Après Eléna Chernyshova, présentée la saison dernière lors de l’exposition « Tropiques du Grand Nord », nouveau coup de cœur à la galerie Intervalle, avec deux expositions exceptionnelles.
Alain laboile « La tribu »
Une vie au bord du monde où se mêlent l’intemporalité et l’universalité de l’enfance.
Ferronnier d’art, photographe et père de six enfants, Alain Laboile a entamé un album de famille en 2007, à l’âge de 39 ans. De sa cabane-atelier, sur un terrain isolé dans le sud de la France, Alain Laboile s’est mis à observer et à photographier les jeux insouciants de ses enfants. Sans mise en scène, le père photographe les saisit en symbiose avec la nature. La maison, la prairie, les bois, le bassin sont autant de scènes à ciel ouvert où les forces telluriques semblent gagner les jeunes corps en mouvement.
Les photos d’Alain Laboile agissent comme un élixir de jouvence. Les enfants libres et parfois nus s’affranchissent de la pesanteur quotidienne. Exercice délicat que de montrer la nudité à une époque gagnée par une forme de puritanisme. A la manière de Sally Mann, sans fausse pudeur, Alain Laboile explore la chair de sa chair telle qu’elle est. Mais contrairement à l’artiste américaine, il en révèle la formidable énergie plutôt que la face troublante.
France Demay « un parfum de bonheur »
A la veille de la seconde guerre mondiale, alors que les Jeux Olympiques de 1936 à Berlin s’organisent, des clubs sportifs d’ouvriers parisiens s’entraînent avec passion. Si l’on sent l’énergie d’un engagement sportif et politique sans failles, ces jeunes gens sont aussi dans l’exaltation des tout premiers congés payés. On les retrouve au stade, en forêt, en montagne, à vélo, se mesurant à la course ou au plongeon.
Parmi eux, un témoin, France Demay. Amateur autant sportif que photographe, cet ouvrier qualifié photographie avec spontanéité et un réel sens du cadrage son entourage, captant des instants de bonheur comme un témoignage d’une époque où l’on veut croire en une vie meilleure. (…). Ces images dévoilent tout l’enthousiasme d’un monde ouvrier s’appropriant ses nouveaux temps de loisirs. Ce regard se révèle être un formidable témoin de valeurs sociétales qui construisent encore notre société d’aujourd’hui.

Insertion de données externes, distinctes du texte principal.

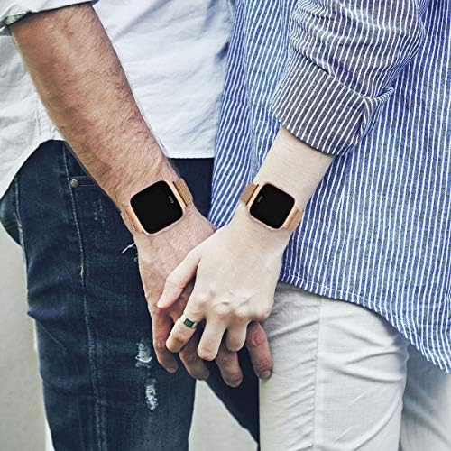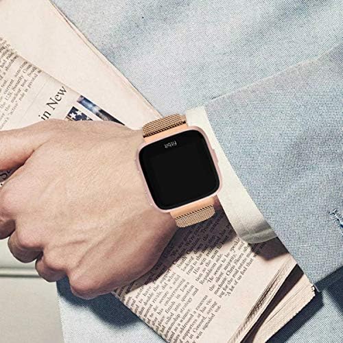 MNBVCXZ Metal Bands Compatible with Fitbit Versa / Fitbit Versa 2 / Fitbit Versa Lite Band, Adjustable Stainless Steel Mesh Wristbands Bracelet Straps for Fitbit Versa Fitness Smart Watch Women Men (RoseGold)
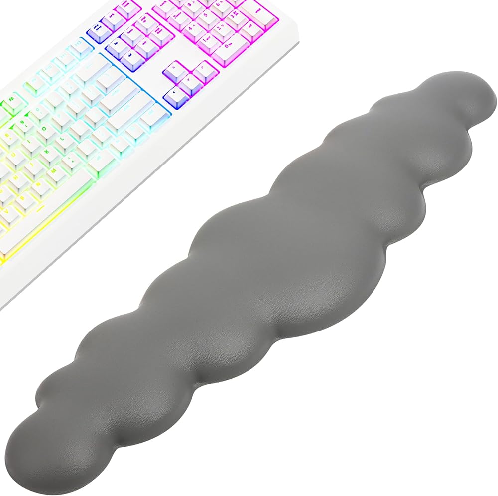 مسند معصم سحابي للوحة المفاتيح للكمبيوتر، وسادة لوحة مفاتيح من جلد البولي يوريثان الناعم، وسادة معصم من إسفنج الذاكرة عالي الكثافة مع قاعدة غير قابلة للانزلاق لكتابة مسند اليد للوحة المفاتيح وتخفيف الآلام للكمبيوتر المحمول والمكتب المنزلي (رمادي)
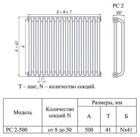 КЗТО РС 2-500, 42 секции, боковое, цвет белый
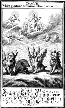 Description: As the four winds blow upon the waters, out of the sea emerge four beasts: one with the head of a lion and wings of the eagle; a second was in the form of a bear and had three ribs in its mouth; the third beast had four heads and four wings; and the fourth beast had long teeth, multiple horns, and hooves like those of an ox. The Ancient One is enthroned on the clouds at the top.
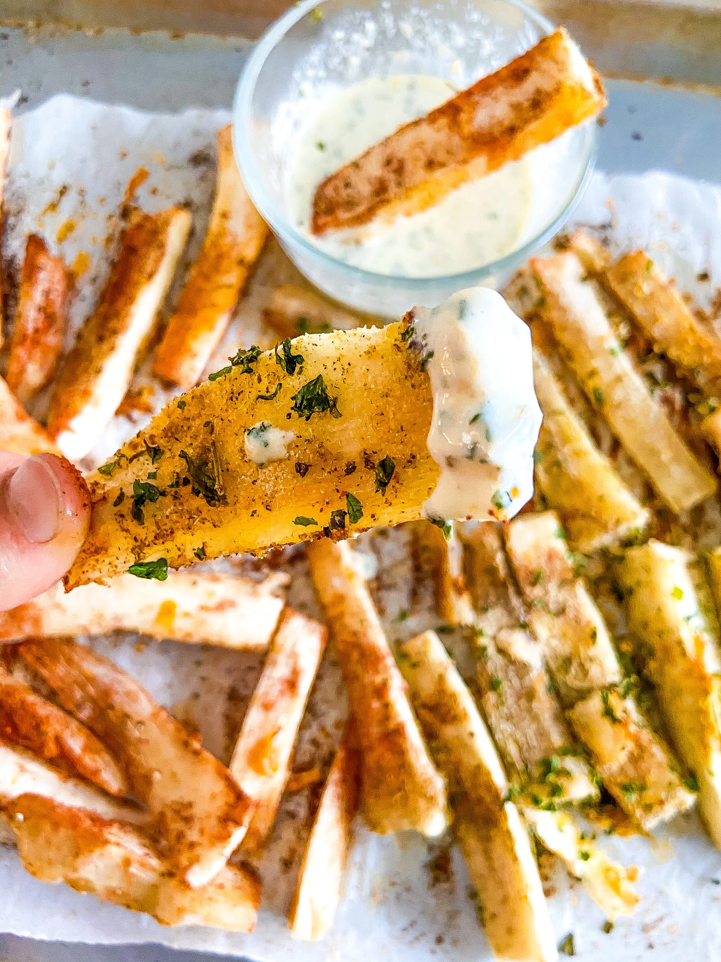 What’s a yuca root, you ask? It’s the edible root of a leafy, cassava plant. After a bit of preparation, they are transformed into a healthy, grain-free alternative to french fries! They have an extra starchy taste, which makes them ideal for my easy, creamy ranch. This crispy, flavorful side dish is friends and family approved! They are even easily customizable with whatever seasonings you chose. Truth is, I haven’t bought fries since I started making these from home regularly!

France Demay compose avec une parfaite maîtrise des images à la fois émouvantes, graphiques et symboliques, nous donnant en partage des instants de bonheur, de liberté et d’enthousiasme pour une vie qui semble pleine de promesses. Mais dans les interstices de ce bonheur capté avec fraîcheur, se lit aussi l’engagement politique en ces sombres heures de la montée du fascisme…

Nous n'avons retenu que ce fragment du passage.